Gwen John was a Welsh artist, known for her self-portraits, quiet domestic interiors and portraits of other women. She also made many sketches of her cats.
Background
Gwen John was born on June 22, 1876 in Haverfordwest, Wales, United Kingdom. She was the daughter of Edwin William John, a solicitor, and Augusta (Smith) John, an amateur artist. Gwen has three brothers — Thornton John, Augustus John, a painter, and Winifred John.
Education
Since 1895 to 1898, Gwen studied at the Slade School of Art (present-day UCL Slade School of Fine Art), where she learned figure drawing under Henry Tonks.
Some time later, Gwen John moved to Paris, where she attended Académie Carmen.
In 1899, Gwen moved to London, where she exhibited her work for the first time in 1900, at the New English Art Club.
In the autumn of 1903, she traveled to France with her friend Dorelia McNeill. Upon landing in Bordeaux, they set off on a walking tour with their art equipment in hand, intending to reach Rome. Sleeping in fields and living on money earned along the way by selling portrait sketches, they made it as far as Toulouse. In 1904, the two went to Paris, where John found work as an artist's model, mostly for women artists. In that same year, she began modelling for the sculptor Auguste Rodin and became his lover. During her years in Paris she met many of the leading artistic personalities of her time, including Matisse, Picasso, Brancusi and Rainer Maria Rilke, but the new developments in the art of her time had little effect on her, and she worked in solitude. In 1910, the artist settled down in Meudon, a suburb of Paris, where she would remain for the rest of her life.
Gwen stopped exhibiting at the New English Art Club in 1911, but gained an important patron in John Quinn, an American art collector who, from 1910 until his death in 1924, purchased the majority of the works, that Gwen John sold.
After the end of her relationship with Rodin and her subsequent conversion to Roman Catholicism about 1913, John created many portraits of nuns at a local convent in Meudon, including a commissioned series of pictures (1913-1921) of the convent’s founder, Mère Marie Poussepin. Using an image of her on a prayer card, John created at least eight three-quarter-length portraits of the nun, who had died some 200 years earlier. Quiet, but expressive interiors and portraits continued to be the subjects of her paintings and drawings. She exhibited a handful of times in Paris, including multiple times at the Salon d’Automne, beginning in 1919. John’s creative output is said to have decreased after 1924 when her patron, Quinn, died.
In 1926, she had only one solo exhibition in her lifetime at the New Chenil Galleries in London.
It is commonly thought, that the artist stopped painting entirely after 1933 and took up gardening.
Achievements
In the early 20th century, Gwen John was recognized as one of the foremost British artists of the Post-Impressionist period.

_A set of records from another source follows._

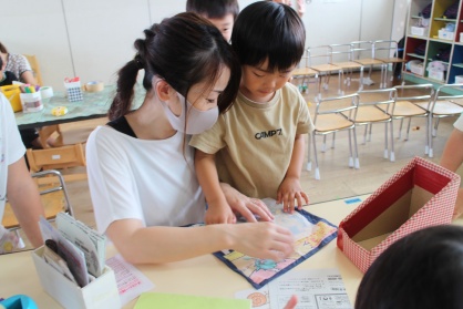 年長さんは、お家の人の手をひいてあげて、次に何をするのか教えてあげていましたよ。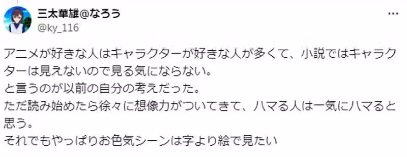 「因為影像和音樂可以放著給他播,自己純粹當個被動的觀賞者就好。小說卻需要主動去閱讀才可以,而大腦的處理能力又因人而異啊。」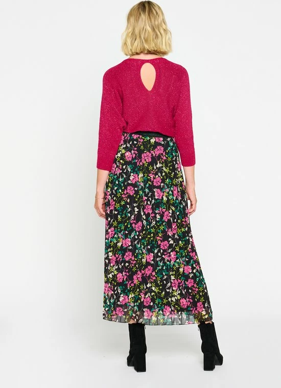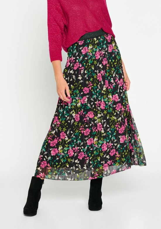 LOLALIZA Maxirok Met Bloemenprint – Zwart – Maat L
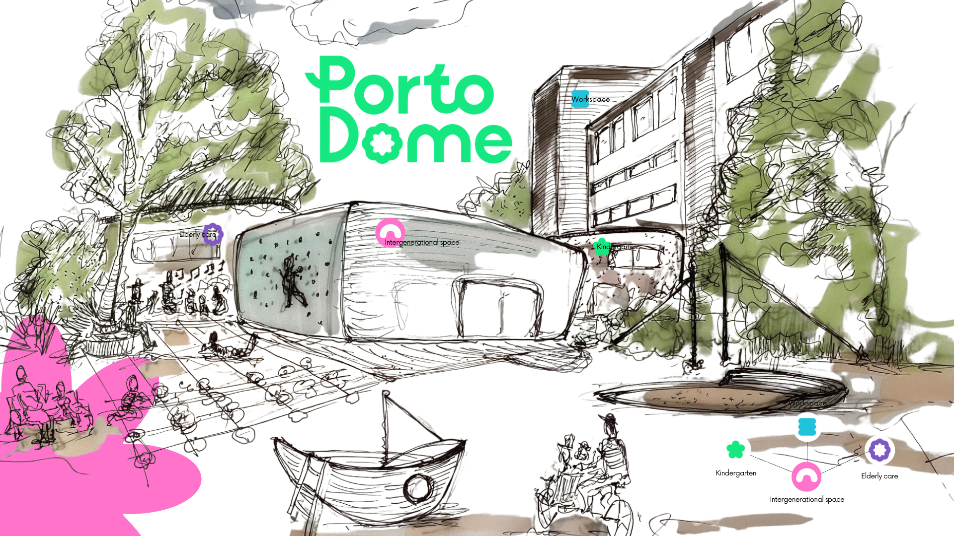 Porto Dome experiments with another spatial logic: a workplace embedded within an intergenerational ecosystem, where learning, caregiving, and professional life intersect.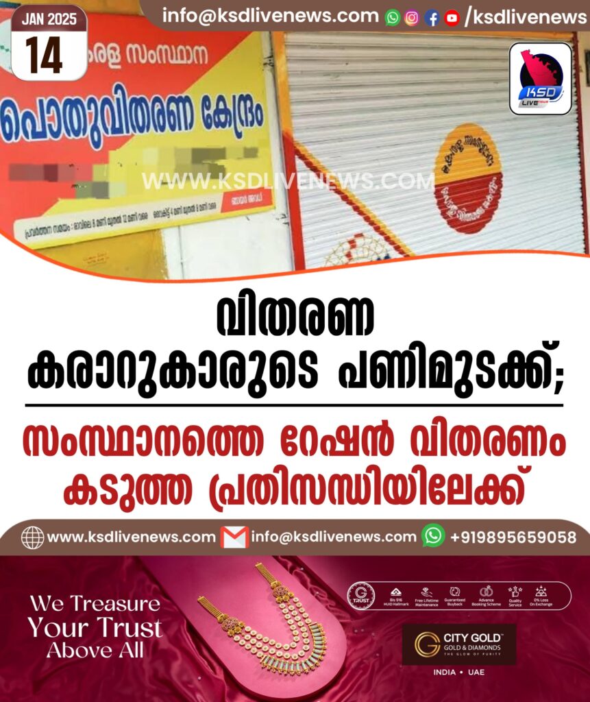 വിതരണ കരാറുകാരുടെ പണിമുടക്ക്; സംസ്ഥാനത്തെ റേഷൻ വിതരണം കടുത്ത പ്രതിസന്ധിയിലേക്ക്

John's works are held in many public collections. Some of them are kept at the National Museum Cardiff and in Tate Britain, London.
Quotations:
"As to whether I have anything worth expressing that is apart from the question. I may never have anything to express, except this desire for a more interior life."
"I paint a good deal, but I don't often get a picture done — that requires, for me, a very long time of a quiet mind, and never to think of exhibitions."
"I should like to go and live somewhere where I met nobody I know till I am so strong that people and things could not effect me beyond reason."
Connections
Throughout her life, John was attracted to people of both sexes. Although August Rodin was her great love, she had a number of same-sex relationships. Whilst at Slade, she developed a passion for an unnamed woman.